Shortlist Unveiled For The International Three Language Wigtown Poetry Prize 

The names of the poets shortlisted for Scotland’s annual three-language international poetry prize have been revealed.

The Wigtown Poetry Prize supports and nurtures poets from all across the world writing in Scotland’s three indigenous languages – English, Gaelic and Scots.

There are also separate awards for poems in Scots and Gaelic, as well as the Alastair Reid Pamphlet Prize and the Dumfries and Galloway Fresh Voice Award, for poets living in, or from, the region who have never professionally published a full length collection.

This year the winners will be revealed at a special event on Saturday, 1 October, which takes place as part of the Wigtown Book Festival. The shortlists are:

Wigtown Prize 

  • William Hershaw, from Lochgelly, for Tae Naesayers O Life And Leid
  • Suzanna Fitzpatrick, from Orpington, for Pandemic Prayer
  • Julie Laing, from Glasgow, for Calving
  • Craig Aitchison, from Galashiels, for Searoom
  • Norte Rin, from Spain, for My Father Did Not Come Back 


Wigtown Scottish Gaelic Prize

  • Martin MacIntyre, from Edinburgh, for Dithis Bhoireannach air Trèan
  • Ian Macrae, from Glasgow, for Sgitheach
  • Rody Gorman, from Skye, for Triall and Moch gu Abhainn 


Wigtown Scots Prize

  • Irene Howat, from Ayr for The Lintie
  • Craig Aitchison, from Galashiels, for The Searoom
  • Robert Duncan, from Newcastle, for Pyot
  • Joan Fraser, from Brae, for Here aalwiss
  • Colin Mackenzie, from Dumfries, for Anent Braidskeg


Dumfries & Galloway Fresh Voice Award

  • Sara Pitt, from Castle Douglas
  • Andrew Murray, from Cummertrees
  • Gwen Dupre, from Lockerbie
  • Jane McBeth, from Castle Douglas


Alastair Reid Pamphlet Prize

  • Milena Williamson, from Belfast, for Touchy Feely
  • Wes Lee, from New Zealand, for Voice
  • Bridget Khursheed, from Melrose, for The Confinement
  • Neil Thomson, from Glasgow, for Athajimo
  • Sarah Leavesley, from Droitwich, for Rain Falling
  • Roger West, from Glasgow, for Consider the Song of the Cicada
  • Peter Daniels, from London, for Happy and Fortunate
  • Laura Brown, from Dunfermline, for Spring Appears.

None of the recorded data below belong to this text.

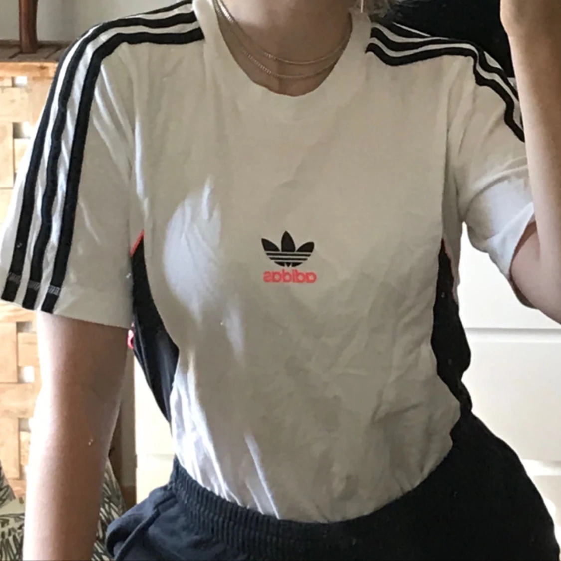 Svinfin adidastshirt med rosa detaljer köpt på footlocker. Nästan helt oanvänd och ser ut som ny.
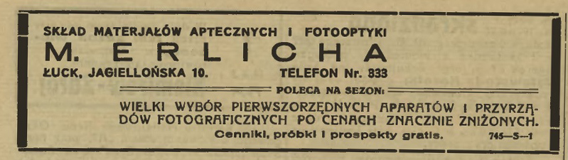 Але значно популярнішим був заклад М. Ерліха, де крім купівлі фотокамер та приладдя, пропонувалося обробити і надрукувати фото із відфотографованих пластин, що було дуже зручно для любителів фотографії, які не хотіли займатися хімічними процесами вдома. Лабораторія зі складом і магазином Ерліха розташовувалася на Ягеллонській неподалік мосту Казимира Великого і церкви Луцького братства.
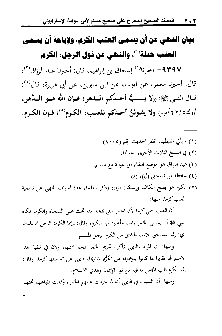 9397 - أخبرنا (¬1) إسحاق بن إبراهيم، قال: أخبرنا عبد الرزاق (¬2)، قال: أخبرنا معمر، عن أيوب، عن ابن سيرين، عن أبي هريرة، قال (¬3): قال النبي -صلى الله عليه وسلم-: "لا يسبُّ أحدكم الدهر، فإن الله هو الدَّهر، ولا يقولَنَّ أحدكم للعنب، الكرم (¬4)، فإن الكرم:
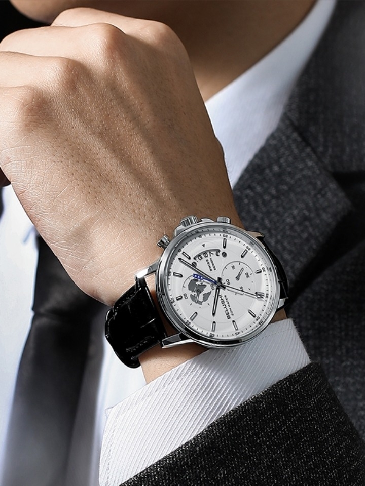 蓝光特种玻璃面,透光性更好,镜面在灯光下或者侧面看会出现炫彩蓝光!柔软表带光泽度好有质感,配戴舒适,让你优雅的在时光中穿梭。
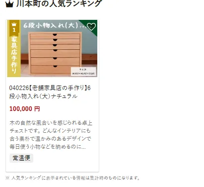 川本町の人気の返礼品は、老舗家具店が一つひとつ丁寧に仕上げた「6段小物入れ(大)ナチュラル」です。木の温もりを感じられるシンプルで実用的なデザインは、インテリアにもなじみやすく、収納力も抜群です。伝統技術と職人の手仕事が光る、長く使えるこだわりの逸品で、実用性と美しさを兼ね備えています。
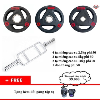 Combo đòn tạ hình thang phi 50 + 40kg tạ miếng cao su 3 lỗ phi 50 (4 miếng 2.5kg, 2 miếng 5kg, 2 miếng 10kg) + găng tay
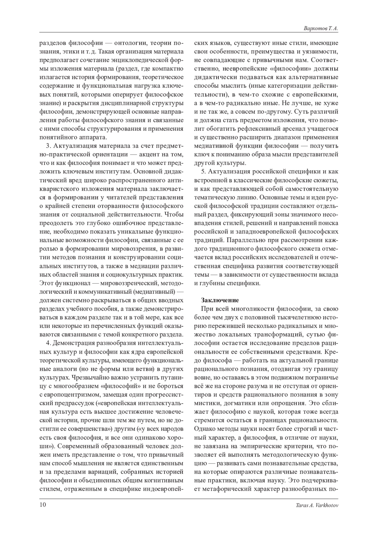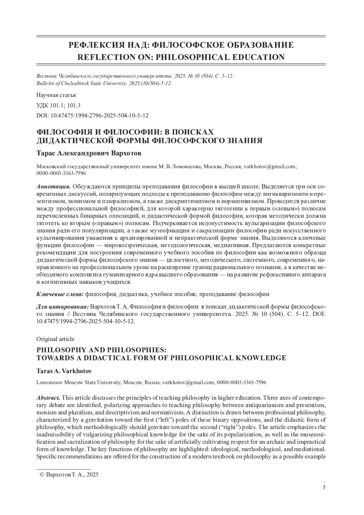 Обсуждаются принципы преподавания философии в высшей школе. Выделяется три оси современных дискуссий, поляризующих подходы к преподаванию философии между антикваризимом и презентизмом, монизмом и плюрализмом, а также дискриптимизмом и нормативизмом. Проводится различие между профессиональной философией, для которой характерно тяготении к первым («левым») полюсам перечисленных бинарных оппозиций, и дидактической формой философии, которая методически должна тяготеть ко вторым («правым») полюсам. Подчеркивается недопустимость вульгаризации философского знания ради его популяризации, а также музеефикации и сакрализации философии ради искусственного культивирования уважения к архаизированной и непрактической форме знания. Выделяются ключевые функции философии - мировоззренческая, методологическая, медиативная. Предлагаются конкретные рекомендации для построения современного учебного пособия по философии как возможного образца дидактической формы философского знания - целостного, методического, системного, современного, направленного на профессиональном уроне на расширение границ рационального познания, а в качестве необходимого компонента гуманитарного ядра высшего образования - на развитие рефлексивного аппарата и когнитивных навыков учащихся.

Adrian Turpin, Artistic Director of Wigtown Book Festival, said: “We’ve had many superb entries and they have come from all over the world – with finalists from as far away as Spain and New Zealand – reinforcing the position of Wigtown Poetry Prize as Scotland’s international poetry award.
“Poetry and the richness of our languages are fundamental to Scottish culture and identity and this prize is widely recognised as promoting and nurturing both.
“Simply reaching the shortlist is a tremendous achievement – proving that your work is among the best that has been submitted.
“And next we look forward to naming the winners which, for the first time, will be done at an event during the festival – creating an exciting conclusion to these highly respected annual awards.”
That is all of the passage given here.